Quote:
Originally Posted by VulcanClassic
Hi Tymen,
Could you please clarify for me how you trade 1 timeframe only? Do you mean you adjust your stop and lots according to the particular chart?
I don't know if this is sound strategy yet but I have been setting my stop just past the wick of the previous 5M candle. With your best entry, it should not back up that far, and if it does I consider it a failed trade. Let me know what you think.
Have a good weekend
|
I see a pattern on a particular time frame and I choose to trade it. I trade one standard lot always.
The stop is set ( on an evening star) 3 pips above the high of the "star".
I let the trade run and watch the floating profit/loss on the computer. When it looks about 10 pips worth I close the trade. My close is subjective as I have a feel for the price movement. If I sense no further price movement then I close early.
This method has given me an incredibly high success rate but there are problems with it, namely it is subjective.

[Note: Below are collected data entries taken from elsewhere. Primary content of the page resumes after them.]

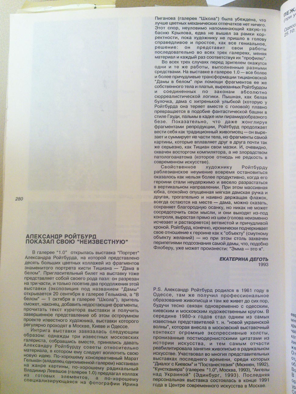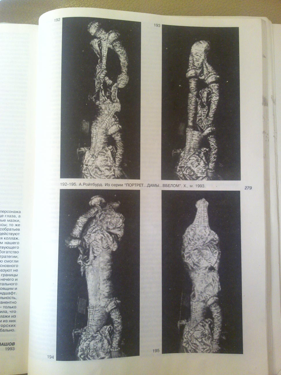 Сфотографировали друзья статью Е.Деготь 1993 г. Как раз о истории происхождения этих коллажей. В 1993 был проект под названием "Портрет...Дамы...в белом" и три выставки, первая называлась "Портрет..." Москва, галерея "1.0" вторая "...дамы..." Москва, галерея Гельмана и третья "...в белом" Москва, галерея "Школа" Представленные коллажи это два из десяти цветных коллажей которые экспонировались на первой выставке "Портрет..." Москва, галерея "1.0" у Владимира Левашова 11.09.-20.09.1993г. В галерее Гельмана экспонировались холст масло и в в галерее "Школа" как я понимаю фото. Думаю эта история не безынтересна.
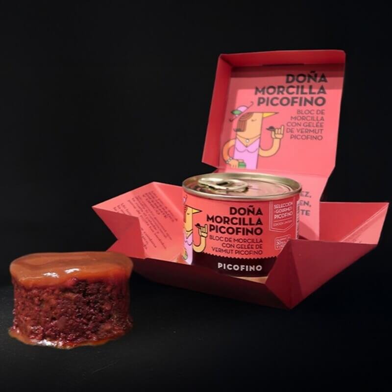 Este bloc se elabora de manera artesanal a partir de morcilla asturiana (68%), compuesta por tocino, cebolla, sangre de cerdo, pimentón, ajo y perejil, todo cuidadosamente condimentado y conservado para mantener su sabor auténtico. La gelée de vermut Picofino (32%) aporta un matiz dulce y especiado que eleva el conjunto a una categoría gastronómica superior.
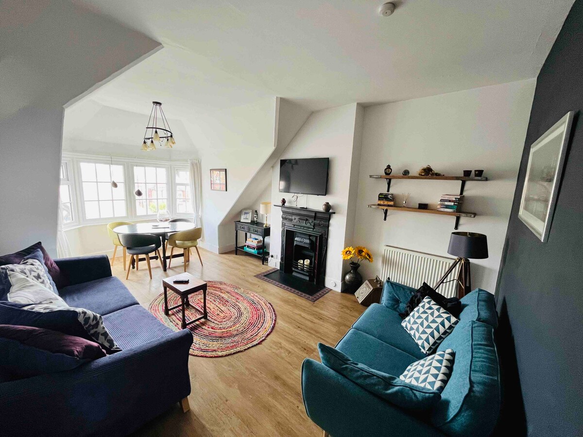 Gerai įrengtas pirmojo aukšto butas šalia jūros su vaizdu į jūrą, vos už 10 metrų yra jūra, gerai įrengtas vienas miegamasis, vonios kambarys su vonia ir dušu, didelė poilsio erdvė su originaliomis savybėmis ir aukštomis lubomis, įskaitant Viktorijos laikų karnizą, pėsčiomis pasieksite tenisą, teatrus, barus, restoranus, parduotuves ramiame Viktorijos laikų pastate, kuriame miegos iki trijų svečių. Leidžiama mokama automobilių stovėjimo aikštelė (ji apmokestinama vietoje) Poilsio kambaryje taip pat yra sofa-lova
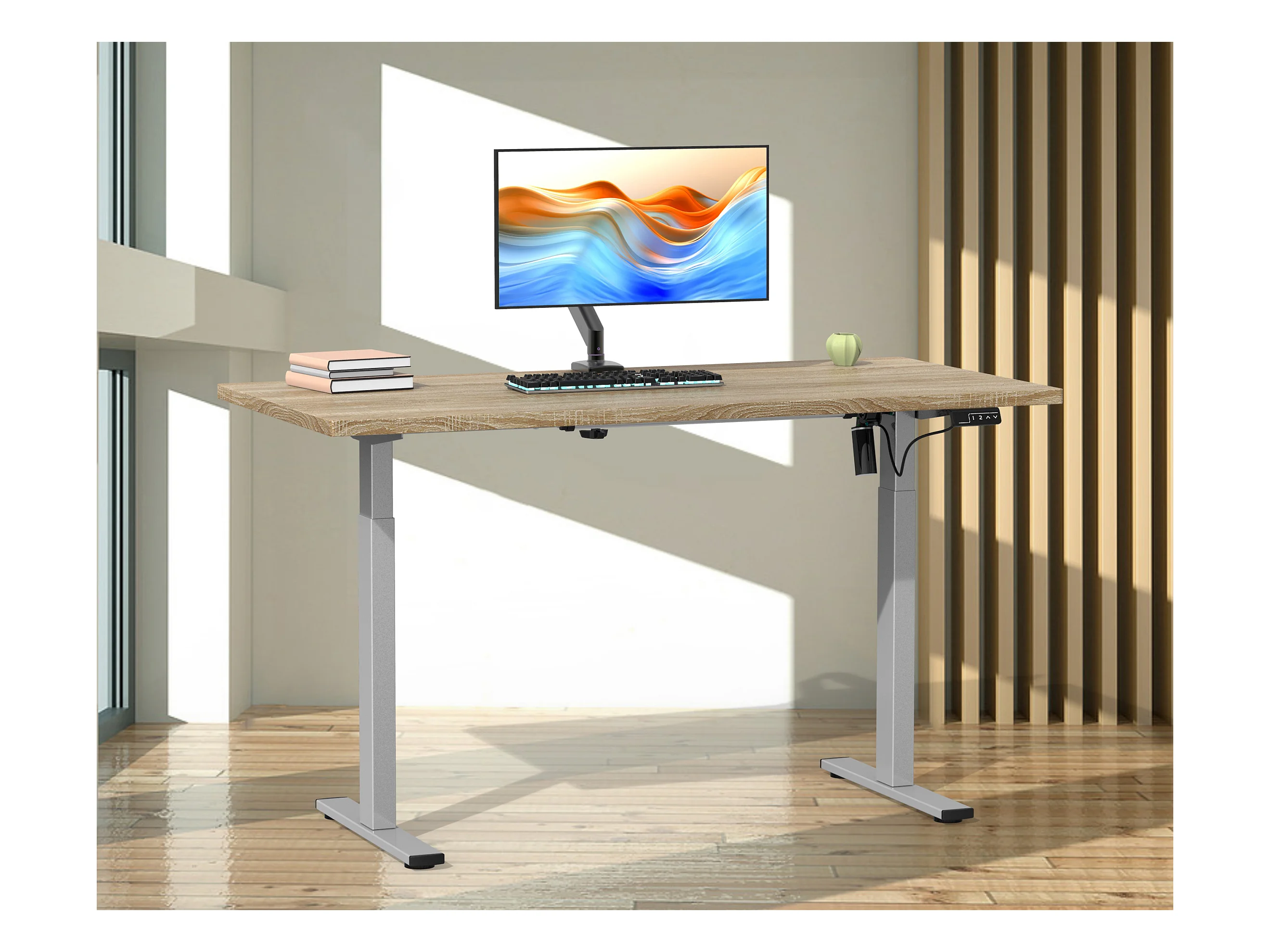 Desk Lona Silver / Honey oak H. 71-120 x W. 140 x D. 80 cm
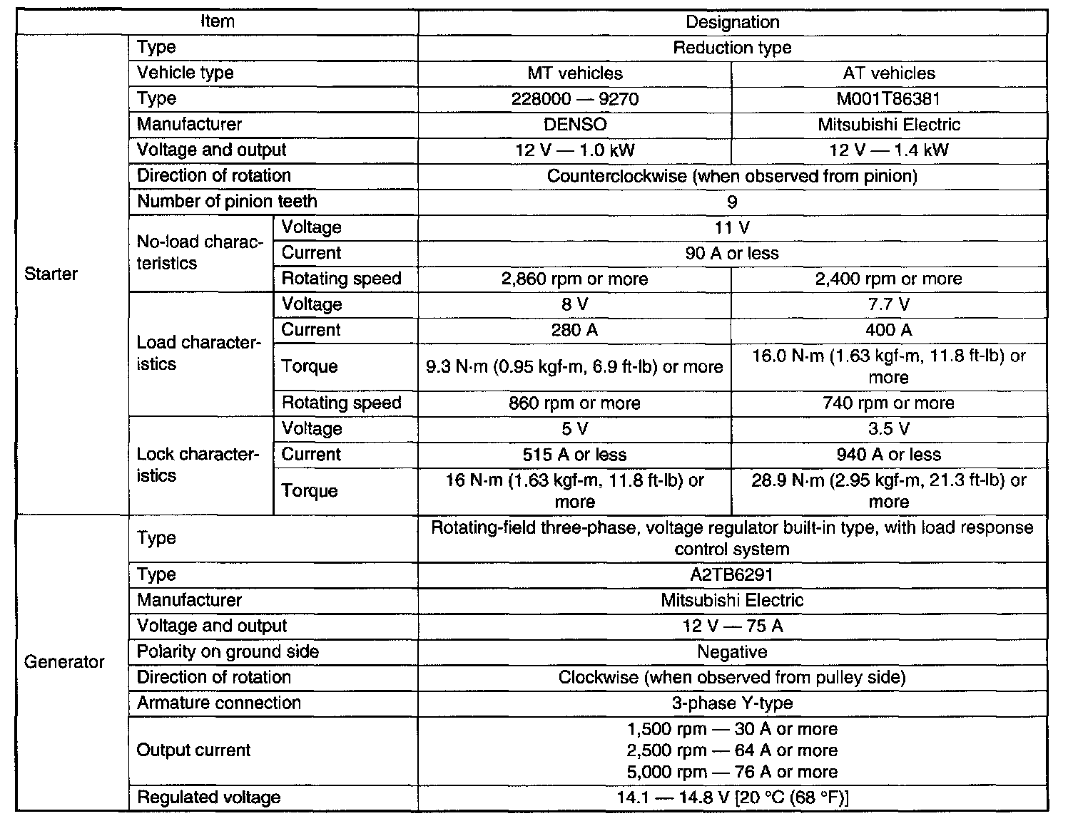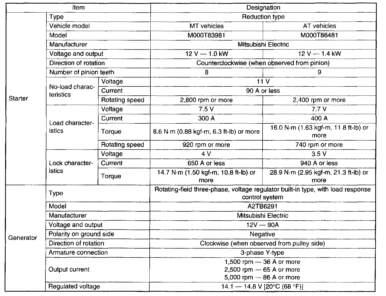 Specifications Non-Turbo Model:
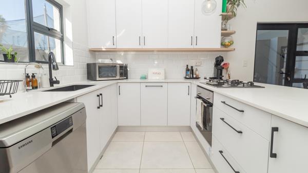 This well-located double-story family home, situated in a secure gated community, offers both comfort and convenience. Upon arrival, a striking pivot door welcomes you into a bright and modern living space. The open-plan kitchen boasts sleek, contemporary finishes and flows effortlessly into the living area, which features stacker doors leading to an open patio with an outdoor braaiperfect for entertaining.
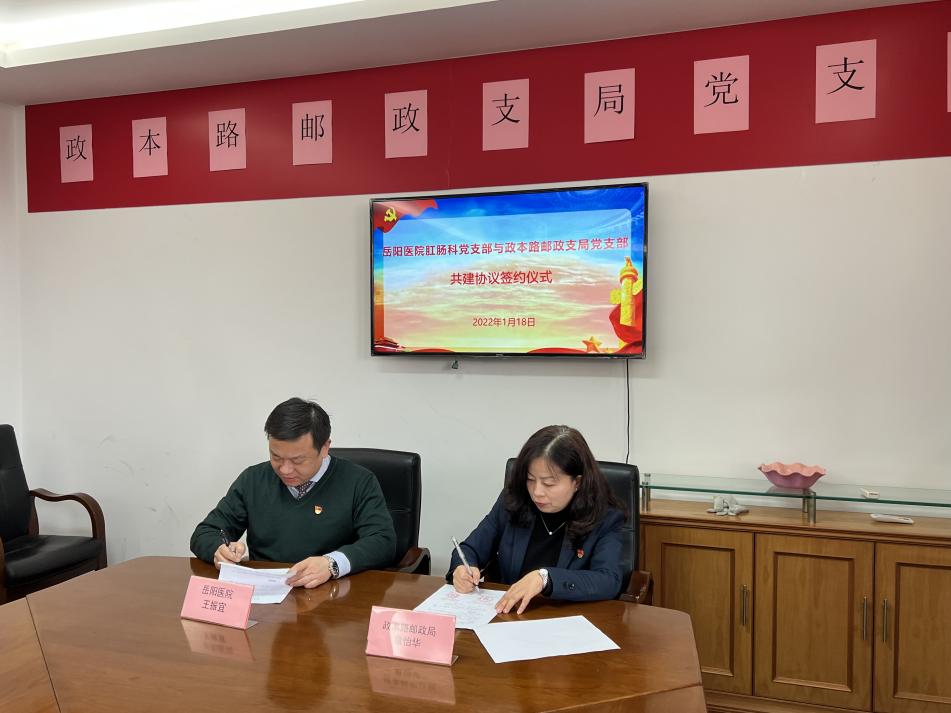 1月18号下午,bat365官网附属岳阳中西医结合医院肛肠科党支部与政本路邮政支局党支部举行党建共建签约仪式。医院肛肠科党支部书记王振宜、政本路邮政支局党支部书记童怡华及双方党员代表参加了共建签约活动。
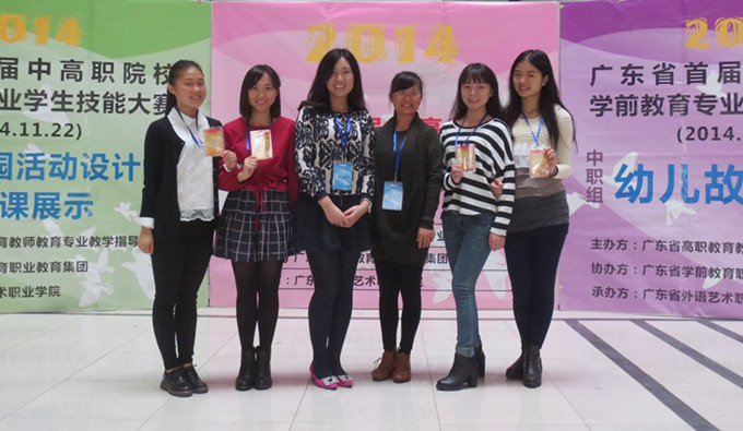 2014年广东省首届中高职院校学前教育专业学生技能大赛于11月22日在广东省外语艺术职业学院举行。我校选派的凌紫嫣、王紫苑、陈瑶琛、徐梦婕分别荣获高职组综合能力一等奖、二等奖和三等奖。凌紫嫣同时获得“案例分析”、“幼儿园活动设计说课展示”两个单项最佳表现奖。郑颖琼、袁晓雯老师荣获优秀指导教师奖。我校的团体总成绩在全省同类院校中名列前茅。
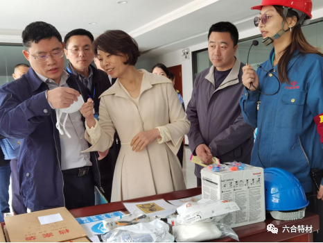 在防护用品展示区 省领导认真观察公司是否为员工发放符合国家职业卫生标准的个人防护用品
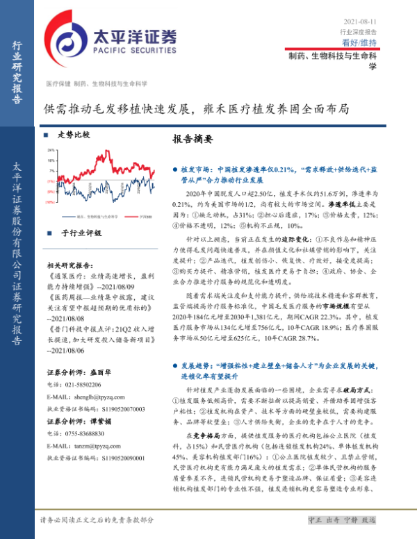 【太平洋证券】【20210811】供需推动毛发移植快速发展,雍禾医疗植发养固全面布局-44页 行业研究
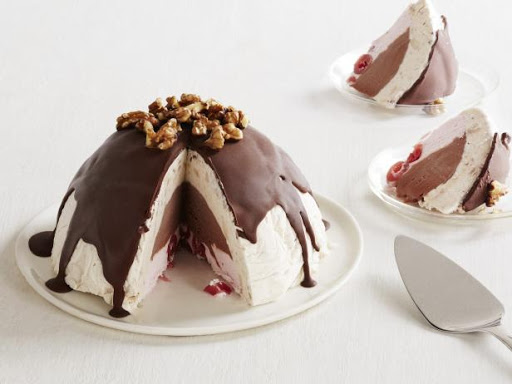 Remove the bombe from the freezer; invert onto a plate and remove the bowl and plastic wrap. (If it sticks, run a small spatula around the edge to loosen.) Return to the freezer.

If the price retraces/pullback past the stop loss, it is, of course, a failed trade.
Not sure what your "5M" means ?
The aim is to get as good an entry as you can to make the pip distance from your entry to the stop loss as small as possible.
This whole method has real problems in that the risk/reward ratio is skewed the wrong way around. It is only because of the reliability of the candlestick patterns and the quick scalping that this approach works at all.
I am now researching the solution.
So far we know accurately that it is totally unreasonable to expect a 20 minute or 1 hour chart to deliver some 100 or so pips in one trade. The charts are simply too short term to do this.
It is, however, reasonable to expect at least 10 pips. With a good retracement or pullback entry, there should be plenty of clearance to allow spreads and timely exits.
To make money with this approach, sufficient lot size is needed. You will never get anywhere with micro lots.